La Smart City è dunque una città dove viene massimizzato il capitale infrastrutturale tecnologico insieme a quello umano, ambientale e sociale. É necessaria infatti una partecipazione e una responsabilità condivisa attraverso l’uso di informazioni e alla comunicazione di esse da parte dei cittadini, dando la possibilità di interagire con lo sviluppo della città e fornendo supporto alle decisioni delle amministrazioni locali.

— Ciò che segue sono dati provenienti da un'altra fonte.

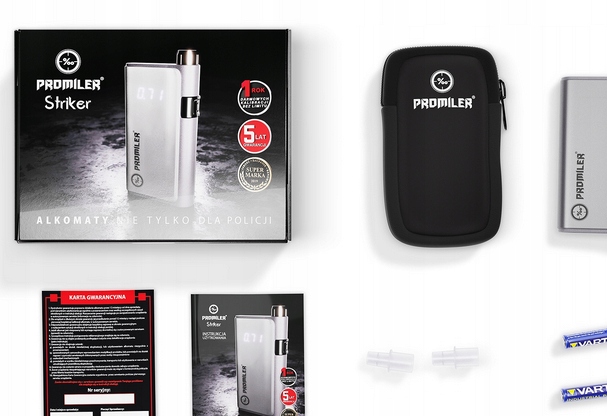 - Alkomat Promiler Striker – świeżo skalibrowany i gotowy do użycia
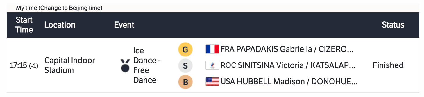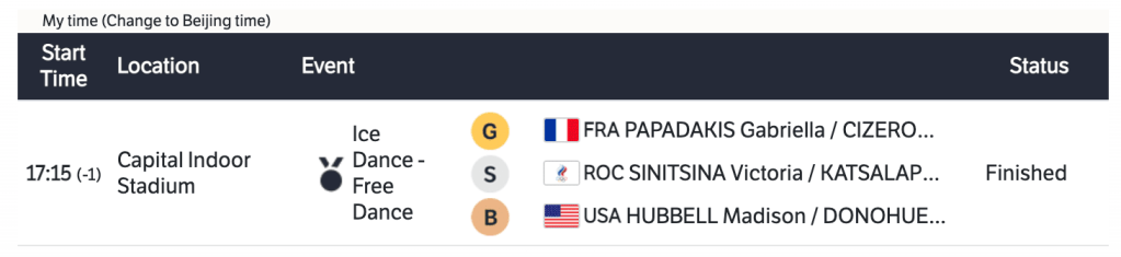 Figure Skating. Ice Dance – Free Dance. Frances Gabriella Papdakis and Guillaume Cizeron won gold. ROC (Russia) Victoria Sinitsina and Nikita Katsalapov won silver. The United States Madison Hubbell and Zachary Donohue won bronze. Figure Skating will continue in the AM.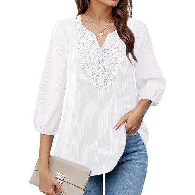 Women's Casual 3/4 Sleeve Chiffon Blouses V Neck Layered Embroidery Tunic Shirts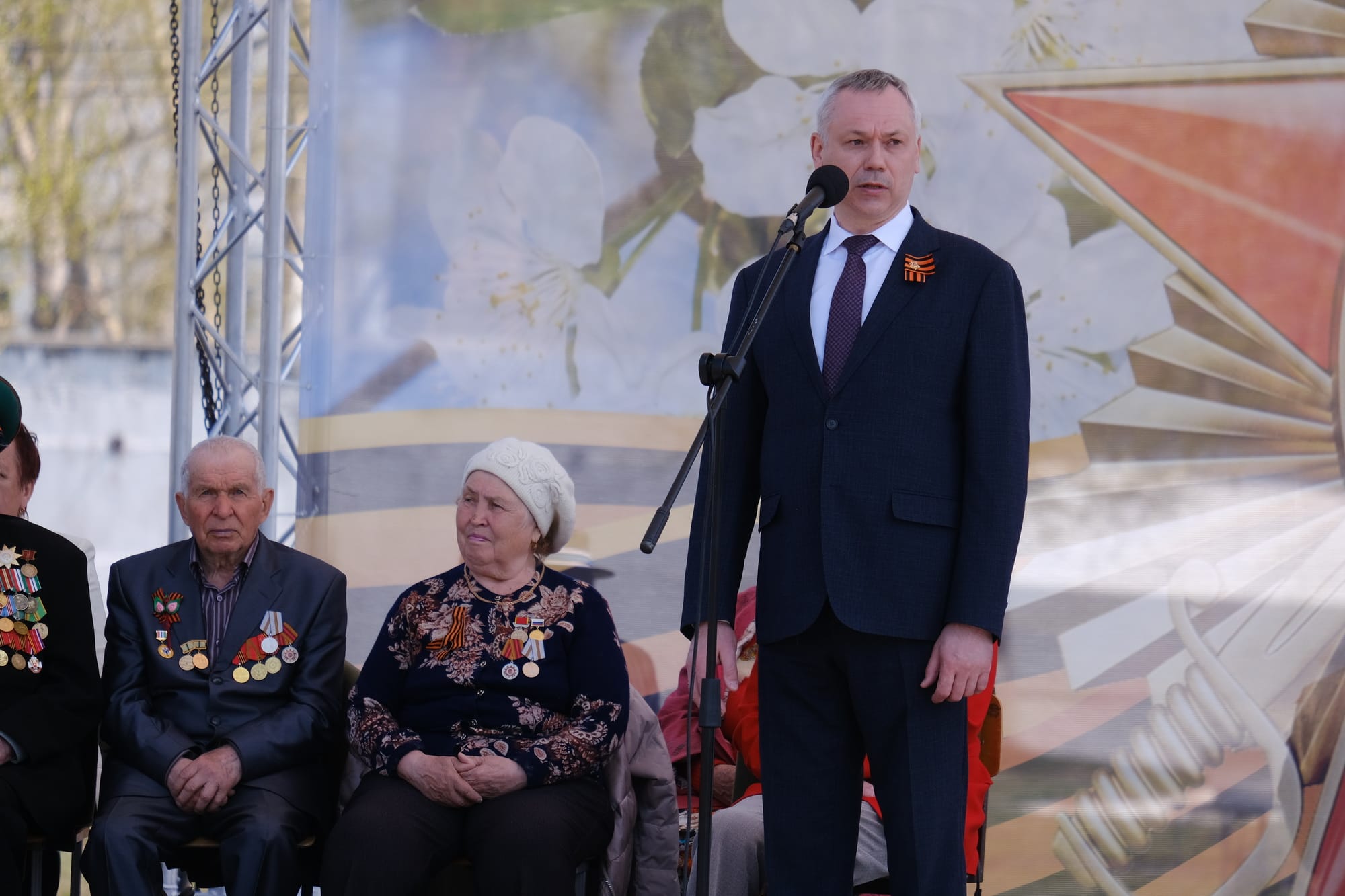 «День Победы – главный праздник нашей страны. Каждый год он наполняет душу светлым чувством уверенности и радости. В этом году мы встречаем его с особым чувством ответственности, с которым российские бойцы, как их деды и прадеды, стоят на защите нашей Родины. Мы видим сплочение сибиряков, всего российского общества, в поддержку Вооруженных Сил – тех самых ребят, которые выполняют непростую работу, исполняют свой воинский долг. Это искренне чувство, которое испытываешь, когда видишь выход колонны «Бессмертного полка», слышишь песню «День Победы». Это по-настоящему. Эстафета поколений – победителей и новых защитников Отечества, не прервется», — отметил во время митинга губернатор Андрей Травников.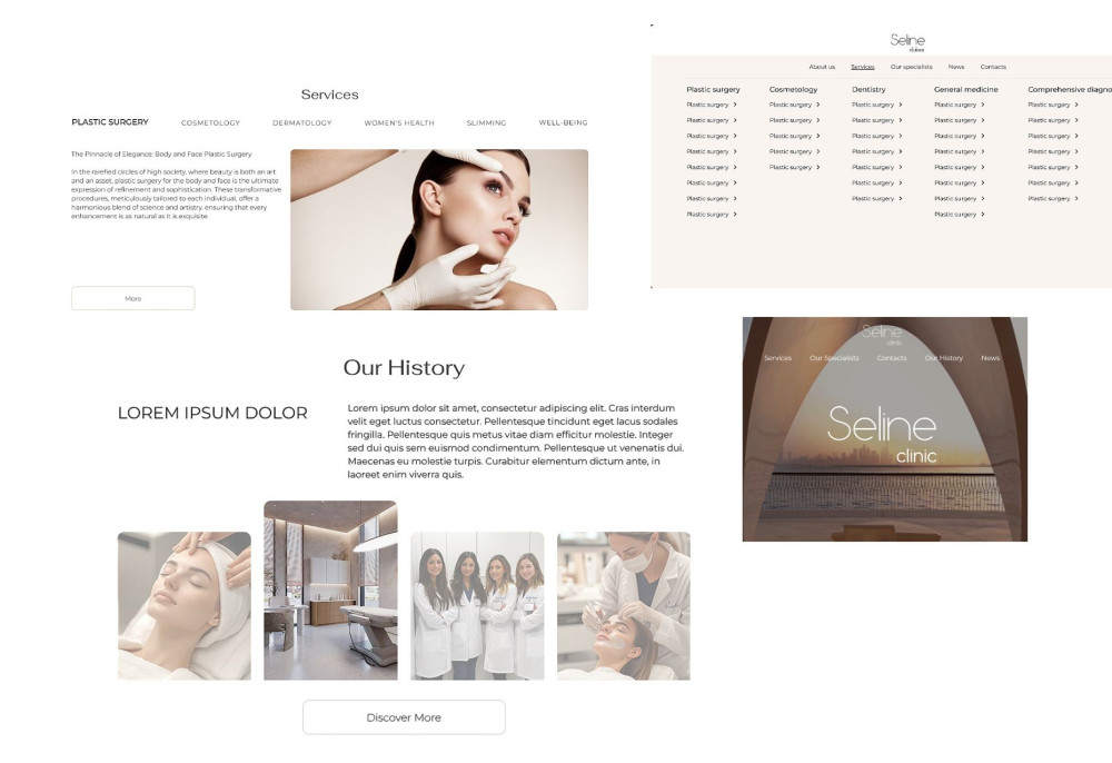 В статье буду приводить примеры сайтов, которые мне понравились, и использовать свежий кейс DNA Team — сайт для филиала косметологической клиники Seline в ОАЭ.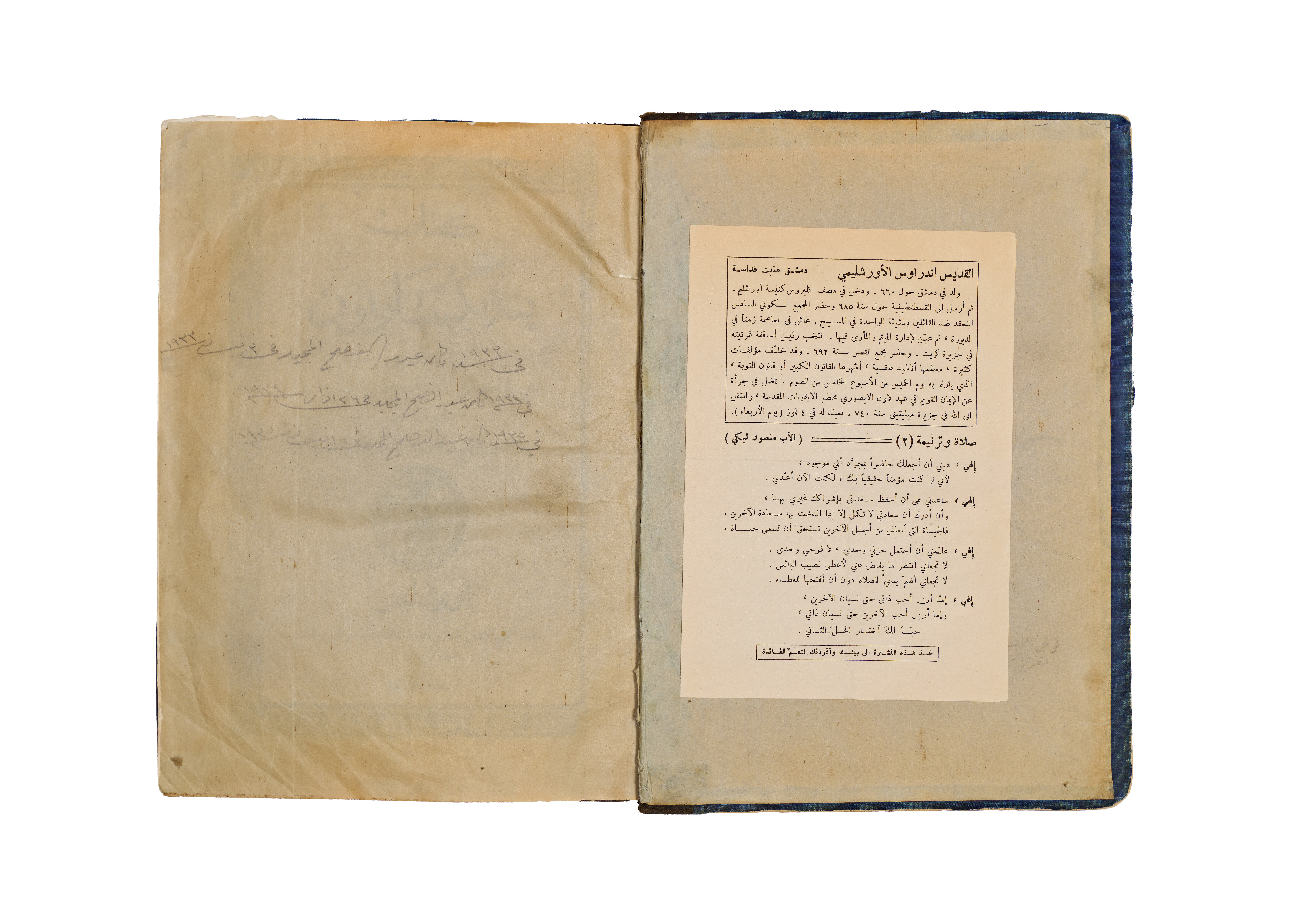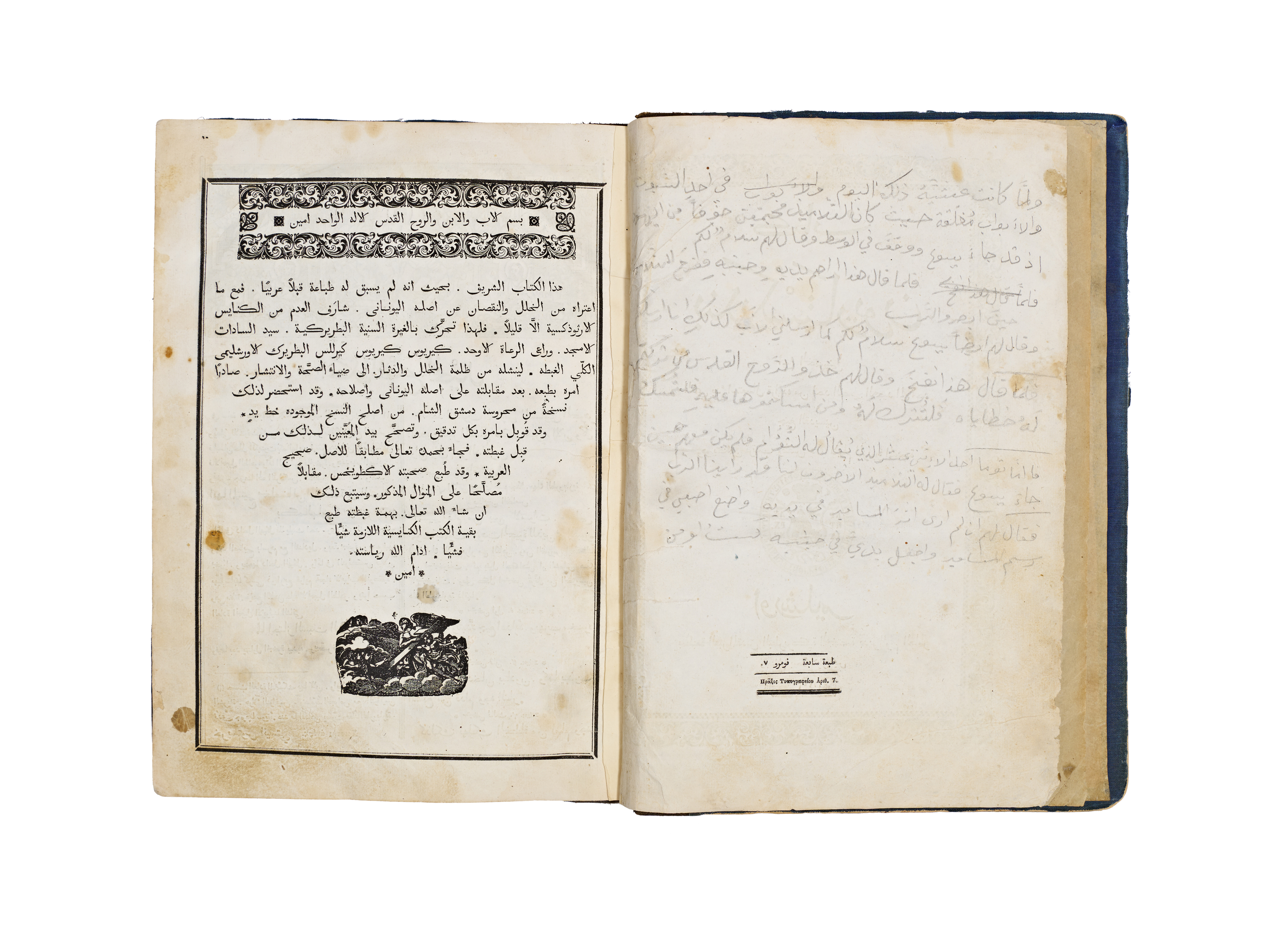 This 1852 edition of the Kitab Pentekostarion or Book of Pentekostarion is a religious liturgical text printed in Arabic at the Greek Orthodox Patriarchate press in Jerusalem. The volume is half-bound in dark leather over paper-covered boards. The interior features printed Arabic text organized for daily services between Easter and Pentecost. Decorative elements include headers and a woodcut illustration depicting the Resurrection. Several pages contain contemporary handwritten annotations in ink. A printed biographical slip concerning Saint Andrew of Jerusalem is tipped into the rear endpaper. The title page includes a decorative border and the press insignia.

A tale scopo è dunque necessario un sistema informatico in grado di ricevere ed inviare in tempo reale segnalazioni di problemi o di richieste. Gli stessi edifici che compongono la città devono essere sottointesi in un’ottica smart, ossia tenendo presente i concetti di efficienza energetica e smartness perché fanno parte del capitale infrastrutturale e sociale. 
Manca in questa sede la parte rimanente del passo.